References (click to expand)
  1. Harris, G., & Mason, S. (2017, April 29). Are There Sensitive Periods for Food Acceptance in Infancy?. Current Nutrition Reports. Springer Science and Business Media LLC.
  2. Cornelis, M. C., & van Dam, R. M. (2021, December 13). Genetic determinants of liking and intake of coffee and other bitter foods and beverages. Scientific Reports. Springer Science and Business Media LLC.

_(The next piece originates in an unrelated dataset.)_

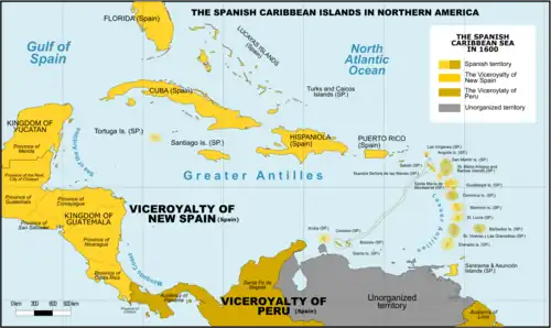 It includes the Lucayan Archipelago, Greater Antilles, and Lesser Antilles of the West Indies; the Quintana Roo islands and Belizean islands of the Yucatán Peninsula; and the Bay Islands, Miskito Cays, Archipelago of San Andrés, Providencia, and Santa Catalina, Corn Islands, and San Blas Islands of Central America. It also includes the coastal areas on the continental mainland of the Americas bordering the region from the Yucatán Peninsula in North America through Central America to the Guianas in South America.[5][6]

  3. Yamamoto, T. (2006). Neural substrates for the processing of cognitive and affective aspects of taste in the brain. Archives of Histology and Cytology. International Society of Histology & Cytology.
  4. Risso, D. S., et al. (2014). Association Analysis of Bitter Receptor Genes in Five Isolated Populations Identifies a Significant Correlation between TAS2R43 Variants and Coffee Liking. PLOS ONE.
  5. Mennella, J. A., & Bobowski, N. K. (2015). The sweetness and bitterness of childhood: Insights from basic research on taste preferences. Physiology & Behavior. Elsevier BV.
  6. Lawson, C. C., LeMasters, G. K., & Wilson, K. A. (2004). Changes in caffeine consumption as a signal of pregnancy. Reproductive Toxicology. Elsevier BV.
  7. Dysgeusia (Altered Taste): Causes & Treatment. Cleveland Clinic.